This is the fourth book I've that focuses, in some way, on each of the twelve apostles following the books of the New Testament. It is not as good as Sean McDowell's Fates of the Apostles, which focused chiefly on how they died and is a bit formulaic in chapter setup but which is also more up to date, more readable, and more focused on sources. Nor is it as good as Brian Liftin's After Acts, which also is somewhat formulaic, does not cover all twelve apostles thoroughly, and is often lacking is source citations, but which is very readable. However, it is better than William Steuart McBirnie's The Search for the Twelve Apostles, which while thorough and quotes heavily from sources, is kind of a drag of a read and seems too heavily focused on burial places and relics. Ruffin's book covers each of the twelve and is somewhat thorough; however, like McBirnie's work, the writing at times drags. It also seems a bit too heavily and uncritically dependent on legends and Catholic teaching (though I have no idea whether Ruffin was actually Catholic). Unfortunately, it's unlikely that any book will ever satisfactorily fill one's curiosity about the twelve after the events of the New Testament or even about them in terms of their background and biography, since in some cases, all we know of them in the New Testament is a few scattered quotes and their names.
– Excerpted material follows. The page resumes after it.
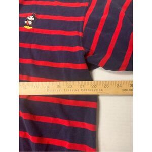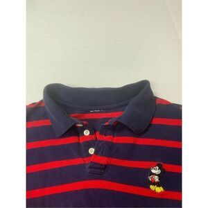 Mens red and navy blue striped vintage Mickey Mouse embroidered logo graphic polo style top by Disney. Excellent vintage condition. Mens size large.

Although I was familiar with most of this material, there were things I learned—or perhaps was reminded of that I'd forgotten. Ruffin engages in some closer readings of the New Testament text and raised for me some perceptions that I hadn't yet come across. Take, for example, the two callings of Peter, one while fishing and another with his brother Andrew coming to tell him to come meet Jesus. Ruffin puts these together, with the idea that Peter met Jesus once, and then was actually called to discipleship sometime later while fishing. There were also some descriptions of Jesus's extended family that I was only vaguely aware of—for example, the idea that Matthew was conceivably a cousin of Jesus. James Tabor makes much of how virtually all the disciples were related to Jesus and tries to make the case that all three of his brothers were among the twelve (or maybe that's Jeffrey Butz's argument or maybe both—I get these ideas and whose they are confused). But in making such a case, Tabor's claims begin to stretch credulity, and one feels that the writer has an agenda. Ruffin clearly has an agenda also, but that agenda would not be forcing familial relationships on Jesus's disciples, as such would seem more to discount his belief that Jesus was God in the flesh than to serve it, insofar as if so many of his followers were family members, it's easier to make a case that this was a familial conspiracy. In that sense, at least on this account, Ruffin comes across as a bit more believable, when he makes cases for at least five the apostles possibly being cousins. Another interesting claim: That Philip the deacon and apostle were the same. He notes that the twelve may well have wanted an apostle as one of the seven deacons to preserve doctrinal truth, and Philip, who would work heavily among the Samaritans and whose Greek name suggests a connection to the diaspora community, would have fit the agenda well.
Anyway, the book was worth the read, even if it took longer than I would have expected for a book of its size.